Data records:
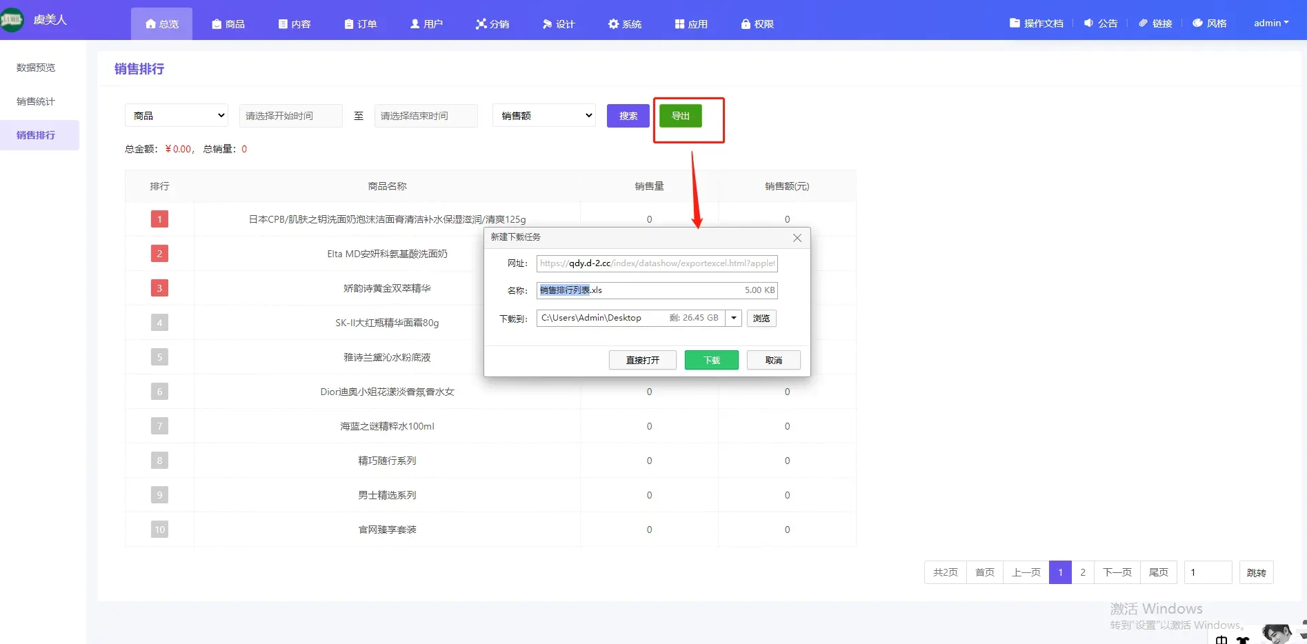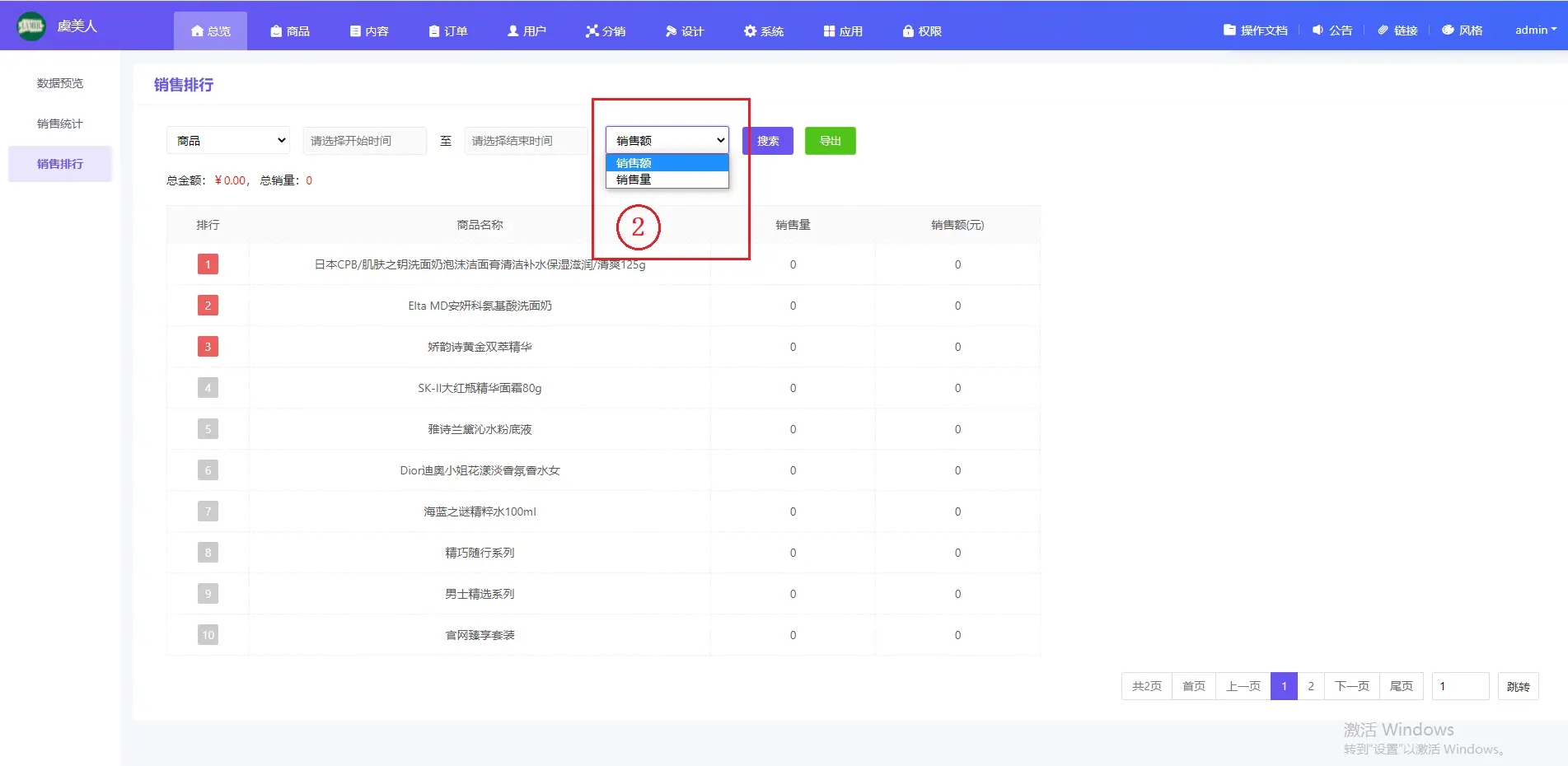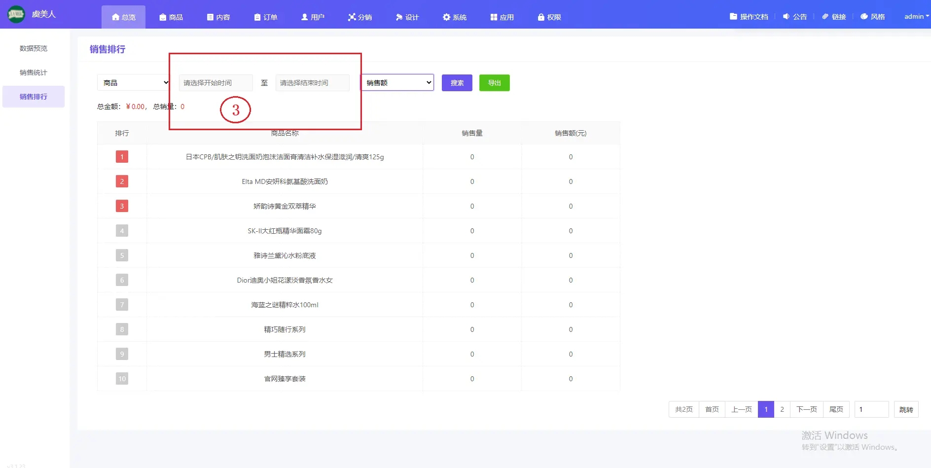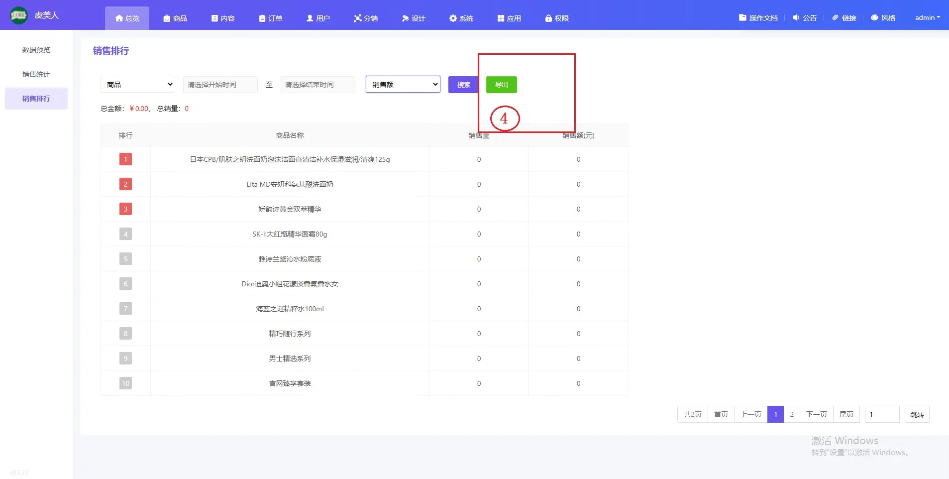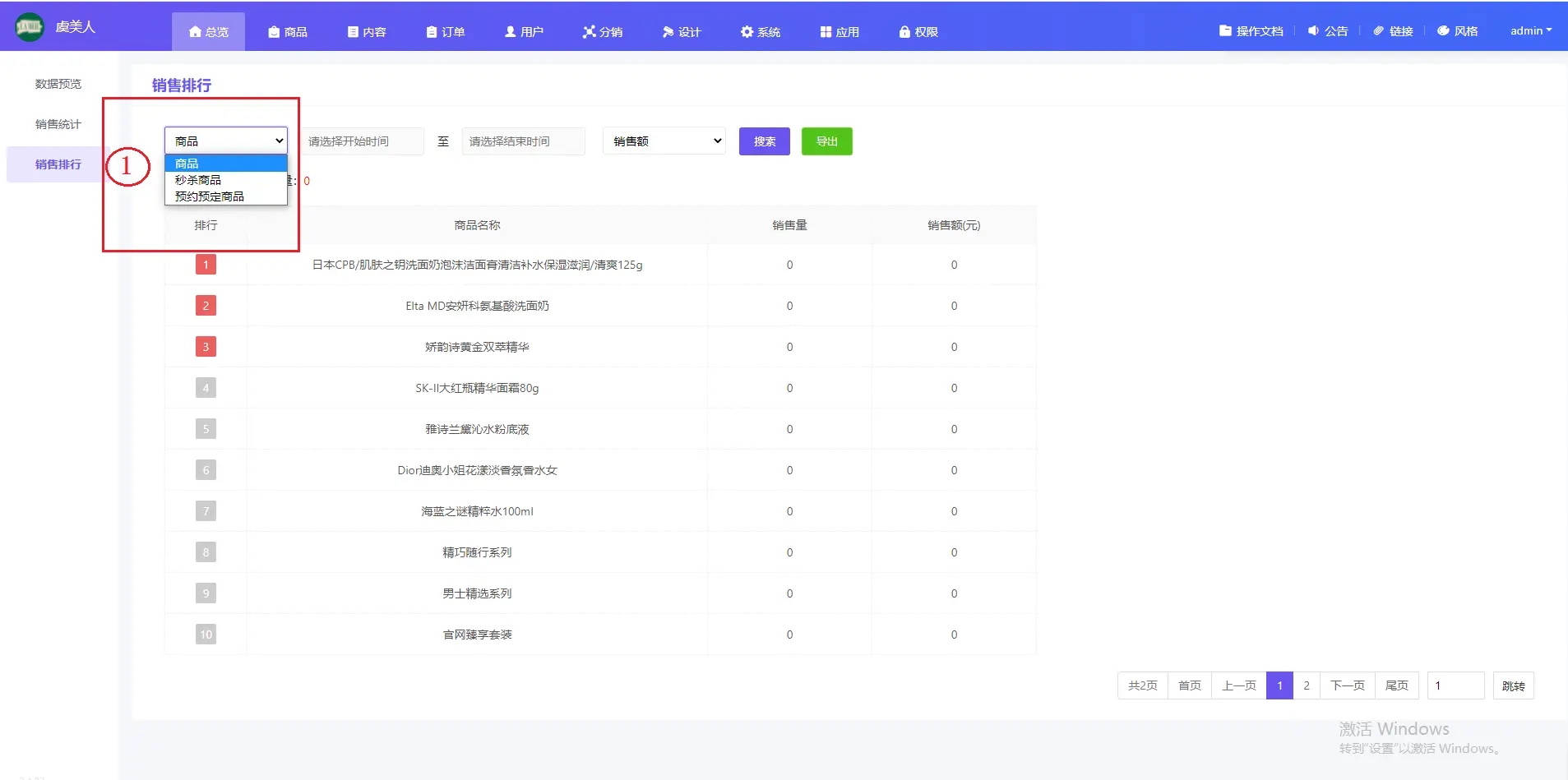 ### 销量排行支持通过:商品类型(普通商品、预约预订、秒杀)、订单开始和截止日期、销售数据(销售额、销售量)查询; ①商品类型(普通商品、预约预订、秒杀)  ②销售数据(销售额、销售量)  ③订单开始和截止日期  ④销量排行支持将查询结果导出excel表格
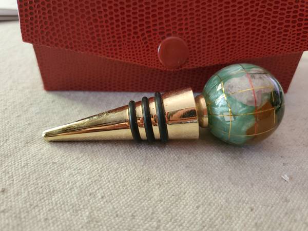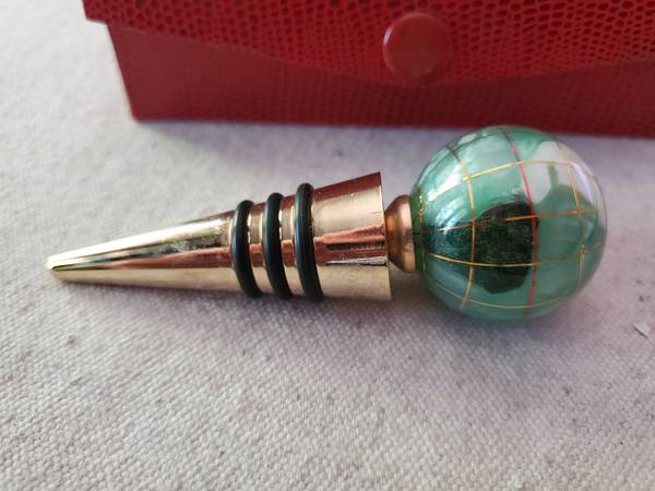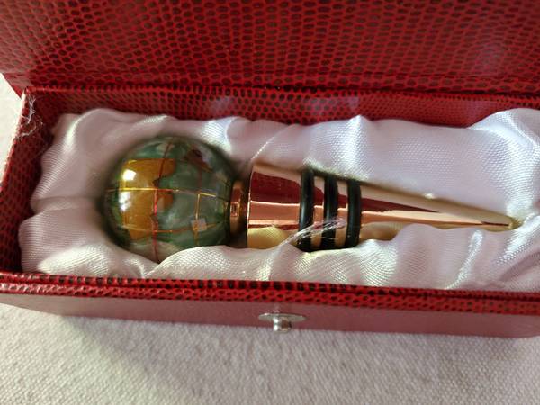 Pretty glass and brass bottle stopper in a red case. $5.00, pick up only.
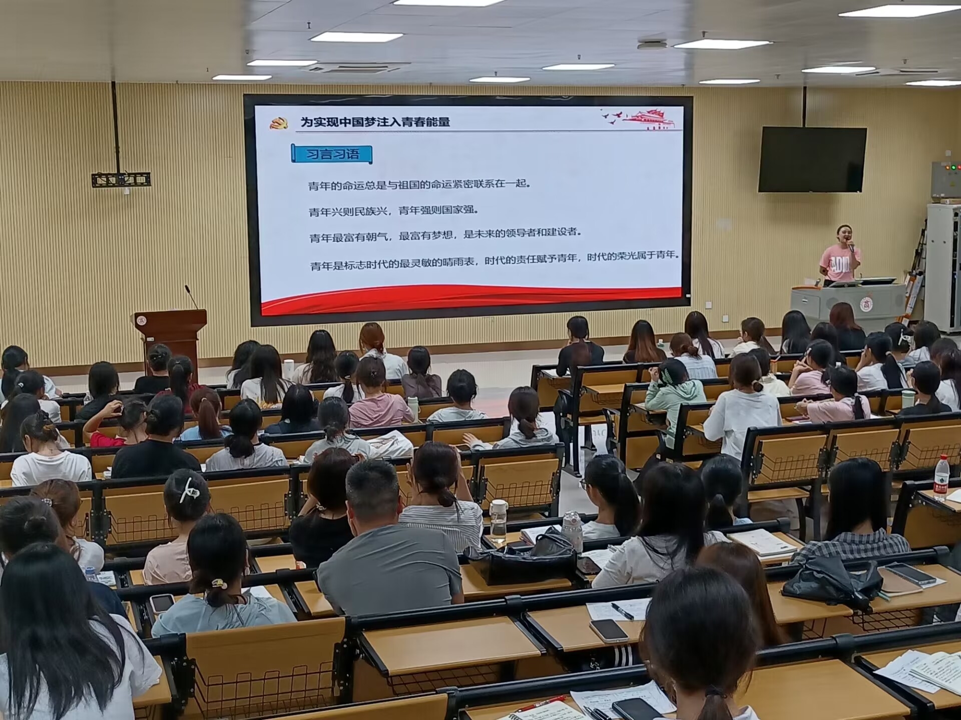 在這個充滿機遇與挑戰(zhàn)的時代,我們青年一代肩負(fù)著國家繁榮昌盛和民族復(fù)興的重任,我們每個人都可以在實現(xiàn)中華民族偉大復(fù)興的同時把“個人夢”融入到“中國夢”中去。此次黨課中,劉倩老師通過講解現(xiàn)代青年如何堅定理想信念、怎樣將個人理想和社會理想有機結(jié)合及觀看三個正能量影片,讓學(xué)員們更加明確今后的奮斗目標(biāo),不斷增強社會責(zé)任感和使命感,以積極向上的精神投入祖國的建設(shè)中,為實現(xiàn)中國夢注入青春能量。
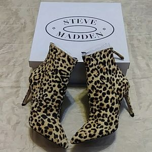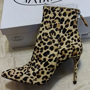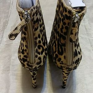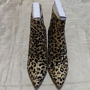 NWT. Leopard Calf Hair Texture. Pointed Toe. Stiletto Heel. Back Zipper. Man Made Lining/Sole. 4.5 inch shaft height. About a 4 inch heel. Size 7.5.
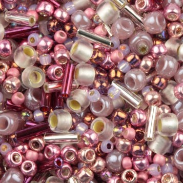 Японский бисер TOHO Mix - ассорти бисера и стекляруса разных форм, оттенков и размеров в одной цветовой гамме. Цвет пыльно-розовый (Hime- Pink Mix). Оттенок и состав набора может отличаться от фотографии. Миксы бисера - отличный вариант для сборки украшений и вышивки. Цена за 10 грамм.

* [Directions for this task] Omit all pictures and repeat the rest of the records verbatim.

* [Answer section]
 ### 销量排行支持通过:商品类型(普通商品、预约预订、秒杀)、订单开始和截止日期、销售数据(销售额、销售量)查询; ①商品类型(普通商品、预约预订、秒杀)  ②销售数据(销售额、销售量)  ③订单开始和截止日期  ④销量排行支持将查询结果导出excel表格
 Pretty glass and brass bottle stopper in a red case. $5.00, pick up only.
 在這個充滿機遇與挑戰(zhàn)的時代,我們青年一代肩負(fù)著國家繁榮昌盛和民族復(fù)興的重任,我們每個人都可以在實現(xiàn)中華民族偉大復(fù)興的同時把“個人夢”融入到“中國夢”中去。此次黨課中,劉倩老師通過講解現(xiàn)代青年如何堅定理想信念、怎樣將個人理想和社會理想有機結(jié)合及觀看三個正能量影片,讓學(xué)員們更加明確今后的奮斗目標(biāo),不斷增強社會責(zé)任感和使命感,以積極向上的精神投入祖國的建設(shè)中,為實現(xiàn)中國夢注入青春能量。
 NWT. Leopard Calf Hair Texture. Pointed Toe. Stiletto Heel. Back Zipper. Man Made Lining/Sole. 4.5 inch shaft height. About a 4 inch heel. Size 7.5.
 Японский бисер TOHO Mix - ассорти бисера и стекляруса разных форм, оттенков и размеров в одной цветовой гамме. Цвет пыльно-розовый (Hime- Pink Mix). Оттенок и состав набора может отличаться от фотографии. Миксы бисера - отличный вариант для сборки украшений и вышивки. Цена за 10 грамм.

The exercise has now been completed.